Today we had a very full day. We visited Sümela Monastery and the city of Trabzon. I’d seen pictures of the monastery so I knew it was literally attached to the side of a mountain, but it was my understanding that there were two ways of reaching it: hiking from the bottom of the mountain to the top or driving up to the carpark and going about 5 minutes by foot from there. When we arrive I found out we’re hiking. “Oh Jesus,” I thought, which was quite appropriate given we were going to a monastery and all. So basically the trail is several 45 degree sections up the side of the mountain. I’m so embarrassingly out of shape, but my students are wonderful. There was always one of them with me, and several of them insisted on trying to carry my backpack for me. It was shockingly embarrassing but when I reached the top they all clapped for me. Dr. B and I had a moment of levity when I struggled over to him, told him I hated him and that he was the Devil and then tried to punch him. We had a good laugh over it.

The monastery was built in 386 AD during the time of the Byzantine Empire and then enlarged during the 6th- and 13th-centuries.
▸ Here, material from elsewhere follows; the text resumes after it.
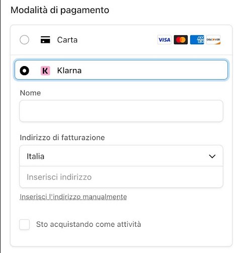 La seconda opzione è quella di pagare con Klarna:
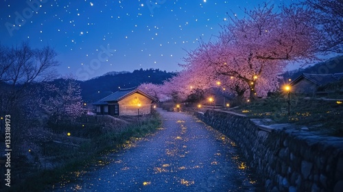 night, star, sky, tree, road, path, pathway, light, blossom, flower, cherry, village, landscape, rural, house, building, dusk, twilight, evening, illuminated, scenic, tranquil, peaceful, calm, serene, beauty, nature, outside, exterior, stone, wall, grass, glow, dark, blue, pink, branch, leaf, flower petals, twinkling, distant, mountain, hillside, dreamy, aethereal, romantic, picturesque

When the Greeks and Turks booted out one another’s people during the Treaty of Lausanne then the monastery was abandoned.

After the monastery hike, I think everyone was quite hungry. We headed to Trabzon and had a huge meal together at a restaurant on the Black Sea. It was truly lovely. We had köfte (meatballs), chicken, chickpea salad, pickled vegetables and some pastry thing for dessert. Then they brought out the customary watermelon and tea. The best thing about it for me was the breeze coming off the Black Sea; I’ve really missed sitting next to a huge body of water and just enjoying the breeze.

The real highlight of Trabzon was a massive mall called The Forum. And by mall, I mean a real mall – as in it could have come straight out of America. I was really looking forward to hitting the bookstore in the hopes of finding a travel book on the Caucusus. But when I found the bookstore they only had three English books and Newsweek. So I bought a fiction book about the Ottoman Empire and the latest edition of Newsweek. Oh well.

The rest of the time I spent with the kids because the movie theater was also a bust. The only movies in English were some Tom Cruise/Cameron Diaz flick and the new Twilight, neither of which I was tripping over myself to see. I ate ice cream with some of them, wandered around the bookstore with others and watched a couple of games of billiards. I had a minor argument with some of them about the origins of the word “simulator,” which they swore up and down was a Turkish word. Well. It might be, but it was originally an English word. You run into this occasionally where the Turkish and English are the same or similar – their assumption is that we took the word from them, not the other way around. Anyway, the mall had what they claimed was a 5-D simulator. I didn’t dare try it, being concerned about a machine that can manipulate space-time. The most hilarious thing was the bull riding machine they had, which one of the cockier students claimed he was expert at. Well. The man at the controls was a bit more expert, and I had a good laugh out of watching him being bucked off time and time again.

In incredibly creepy news, undercover police are following us now. The other two Americans go out in the evenings more often than me, and it seems they run into trouble on occasion with jeering/sneering locals. There have also been an increasing number of random gunshots in town, and an increased military presence because of trouble with the You Know Who not too far away from here. I’m not too worried about it, but it is kind of disturbing.

Ah well, 35 more days until I’m home.